«Quando se deixaram, Querelle amava Gil...
Querelle devotava à sua estrela uma confiança absoluta. Essa estrela devia a sua existência à confiança que nela tinha o marinheiro – ela era, se quiserdes, o esmagamento na sua noite do raio da sua confiança precisamente na sua confiança, e, para que a estrela conservasse a sua grandiosidade e o seu brilho, isto é, a sua eficácia, Querelle teria de conservar a sua confiança nela – que era a confiança em si mesmo – e, principalmente, o seu sorriso, a fim de que nem a mais subtil nuvem se interpusesse entre a estrela e ele, a fim de que o raio não perdesse energia, a fim de que nem a dúvida mais ténue embaciasse um pouco a estrela.

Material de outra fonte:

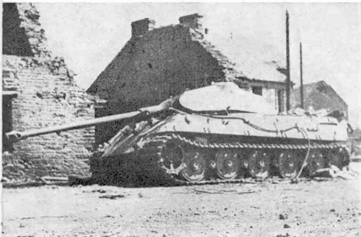
Royal Tiger, knocked out in France 1944. An example of this vehicle is on display at the R.A.C. Tank Museum, Bovington, Dorset
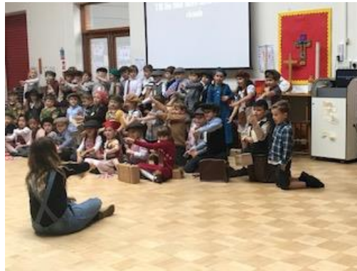
“We’ll Meet Again”

Permanecia suspenso dela, dele nascida em cada segundo. Mas ela protegia-o efectivamente. O receio de a ver embaciada gerava nele uma espécie de vertigem. Querelle vivia a toda a velocidade. A sua atenção tensa, para alimentar a todo o momento a estrela, obrigava-o a uma precisão de movimentos que uma vida branda não teria obtido dele (e para quê, nesse caso?). Sempre alerta, via melhor o obstáculo e o gesto ousado que devia fazer para o evitar. Só fraquejaria quando estivesse esgotado (se isso alguma vez acontecesse). A sua certeza de possuir uma estrela provinha de um entrelaçado de circunstâncias (que chamamos uma felicidade) tão ocasional, ainda que organizado, e de tal modo – pois que em rosáceas –que nos sentimos tentados a procurar nele uma razão metafísica. Muito antes de pertencer às tripulações da esquadra, ouvira Querelle a canção intitulada A Estrela do Amor:
Todos os marinheiros têm uma estrela
Que no céu os protege e lhes acode
Quando aos seus olhos nada a vela
O infortúnio contra eles nada pode.»
Jean Genet – Querelle de Brest (1953) Trad. de Fernanda Pinto Rodrigues, pelas Publ. Europa-América. Pág.159/60
Emprestado do Amor
2 comentários:
Cena maravilhosa de um filme maravilhoso, realizado por um maravilhoso director (Fassbinder) e inspirado num maravilhoso livro de Genet.